Plotting Results from Sensitivity Analysis for Causal Mediation Effects

Description

This function is used to plot results from the 'medsens' function. Causal average mediation effects (as well as average direct effects and proportions mediated for selected models) can be plotted against two alternative sensitivity parameters.

Usage

## S3 method for class 'medsens'
plot(x, sens.par = c("rho", "R2"),
  r.type = c("residual", "total"), sign.prod = c("positive",
  "negative"), pr.plot = FALSE, smooth.effect = FALSE,
  smooth.ci = FALSE, ask = prod(par("mfcol")) < nplots,
  levels = NULL, xlab = NULL, ylab = NULL, xlim = NULL,
  ylim = NULL, main = NULL, lwd = par("lwd"), ...)

Arguments

x

'medsens' object, typically output from medsens.

sens.par

a character string indicating the sensitivity parameter to be used. Default plots effects as functions of "rho". See Details.

r.type

type of the R square parameter to be used in "R2" plots. If "residual", effects are plotted against the proportions of the residual variances that are explained by the unobserved confounder. If "total", the proportions of the total variances are used as sensitivity parameters. Only relevant if 'sens.par' is "R2".

sign.prod

a value indicating the direction of hypothesized confounding in the sensitivity analysis. If "positive", the confounder is assumed to affect the mediator and outcome variable in the same direction; if "negative" the effects are assumed to be in opposite directions. Only relevant if sens.par is set to "R2".

pr.plot

a logical value. If 'TRUE', the "proportions mediated" will be plotted instead of the average causal mediation effects or direct effects. Currently only available if the object 'medsens' is based on the linear mediator and binary probit outcome models. Default is 'FALSE'.

smooth.effect

a logical value indicating whether the estimated mediation effects are smoothed via lowess before being plotted. Default is 'FALSE'.

smooth.ci

a logical value indicating whether the confidence bands are smoothed via lowess before being plotted. Default is 'FALSE'.

ask

a logical value. If 'TRUE', the user is asked for input before a new figure is plotted. Default is to ask only if the number of plots on current screen is fewer than necessary.

levels

vector of levels at which to draw contour lines. Only relevant if 'sens.par' is set to "R2". If 'NULL', default values in contour.default are used.

xlab

label for the x axis. Default labels are used if 'NULL'.

ylab

label for the y axis. Default labels are used if 'NULL'.

xlim

limits of the x axis. If 'NULL' default values are used.

ylim

limits of the y axis. If 'NULL' default values are used.

main

main title for the plot. If 'NULL', default titles are used.

lwd

width of the lines used in graphs.

...

additional arguments to be passed to plotting functions.

Details

The sensitivity analysis for causal mediation effects can be conducted in terms of two alternative sensitivity parameters, which both quantify the degree of violation of the sequential ignorability assumption.
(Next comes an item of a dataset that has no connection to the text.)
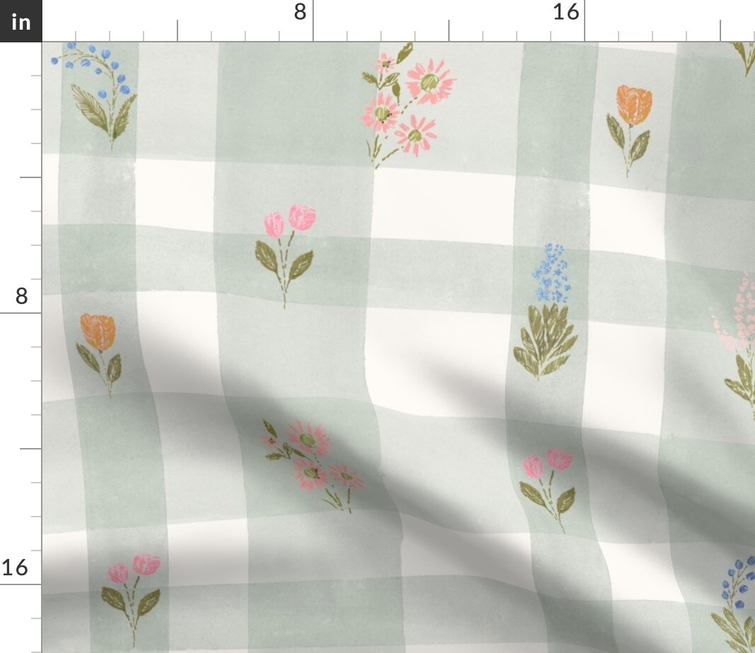 Cottagecore Floral Plaid Watercolor Sage Pastel Summer Spring Nursery Tulip Large Scale Cottage Coquette Boho Garden Flowers Modern Farmhouse Custom Printed Fabric by Spoonflower Various Fabrics by the Yard or Fat Quarter

The "rho" parameter represents the correlation between the two error terms of the (latent) linear models for the mediator and outcome variables. A large value of rho indicates the existence of important common unobserved predictors for both the mediator and outcome and therefore a high degree of sequential ignorability violation, while a value close to zero implies there is no such confounders.

The resulting "rho" figures plot the estimated true values of ACME (or ADE, proportion mediated) against rho, along with the confidence intervals. When rho is zero, sequantial ignorability holds, so the estimated value at that point will be equal to the estimate returned by the mediate. The confidence level is determined by the 'conf.level' value of the original mediate object.
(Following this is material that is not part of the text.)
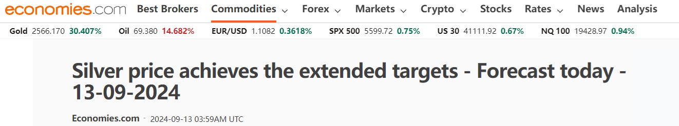 24K99讯 周五(9月13日)亚市尾盘,现货白银在昨日暴涨后维持坚挺走势,银价目前位于30.00美元/盎司附近。知名财经资讯网站Economies.com周五最新撰文,对白银走势进行前瞻分析。

The "R2" parameters represent the proportions of the mediator and outcome variances that are explained by an unobserved pre-treatment confounder, thereby indicating the importance of such a confounder in each model. When 'r.type' is "residual", the R2 parameters represent the proportions of the residual variances of the mediator and outcome models that become explained by the inclusion of the hypothetical pre-treatment confounder. These are denoted as "R square stars" in Imai, Keele and Yamamoto (2010) and can also be specified as "star" or using a numeric value 1 in medsens.plot. When 'r.type' is "total", the R2s represent the total mediator and outcome variances the unobserved confounder would explain. This option can also be specified using "tilde" or a numeric value 2.

For both types of the "R2" parameters, 'sign.prod' indicates the hypothesized direction in which the unobserved confounder affects the mediator and outcome. (The name derives from the fact that this direction is mathematically represented by the sign of the product of two regression coefficients.) If "positive" (or a numeric value 1) is given, the confounder is assumed to affect the mediator and outcome in the same direction. If "negative" (or a numeric value -1), the effect is assumed to be in opposite directions.
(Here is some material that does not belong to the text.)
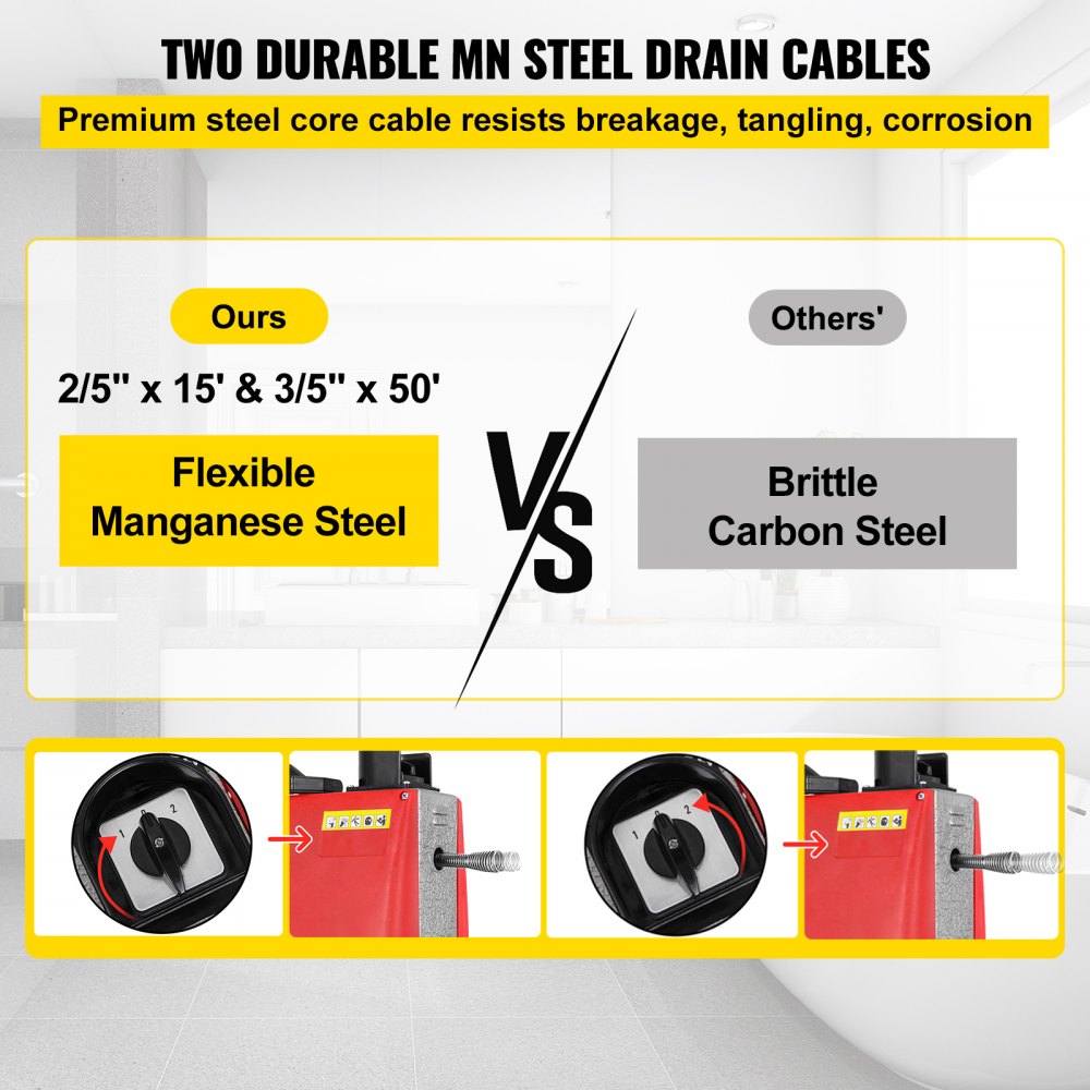 Trwała konstrukcja: Wykonany z solidnej, żelaznej ramy, ten udrażniacz do rur charakteryzuje się solidną konstrukcją i długą żywotnością. Posiada przenośny uchwyt ułatwiający transport i jest w stanie poradzić sobie z ciężkimi zadaniami czyszczenia, w tym czyszczeniem długich odcinków kanalizacji.

The resulting contours in the "R2" plots represent the values of the ACME (or ADE) for different combinations of the mediator R2 and outcome R2 values. When both values are zero (the lower-left corner of the plot), the unobserved pre-treatment confounder has no effect on either mediator or outcome and therefore sequantial ignorability is satisfied.

Warning

The 'smooth.effect' and 'smooth.ci' options should be used with caution since the smoothing could affect substantive implications of the graphical analysis in a significant way.

Author(s)

Dustin Tingley, Harvard University, [email protected]; Teppei Yamamoto, Massachusetts Institute of Technology, [email protected]; Jaquilyn Waddell-Boie, Princeton University, [email protected]; Luke Keele, Penn State University, [email protected]; Kosuke Imai, Princeton University, [email protected].

References

Tingley, D., Yamamoto, T., Hirose, K., Imai, K. and Keele, L. (2014). "mediation: R package for Causal Mediation Analysis", Journal of Statistical Software, Vol. 59, No. 5, pp. 1-38.

Imai, K., Keele, L. and Tingley, D. (2010) A General Approach to Causal Mediation Analysis, Psychological Methods, Vol. 15, No. 4 (December), pp. 309-334.

Imai, K., Keele, L. and Yamamoto, T. (2010) Identification, Inference, and Sensitivity Analysis for Causal Mediation Effects, Statistical Science, Vol. 25, No. 1 (February), pp. 51-71.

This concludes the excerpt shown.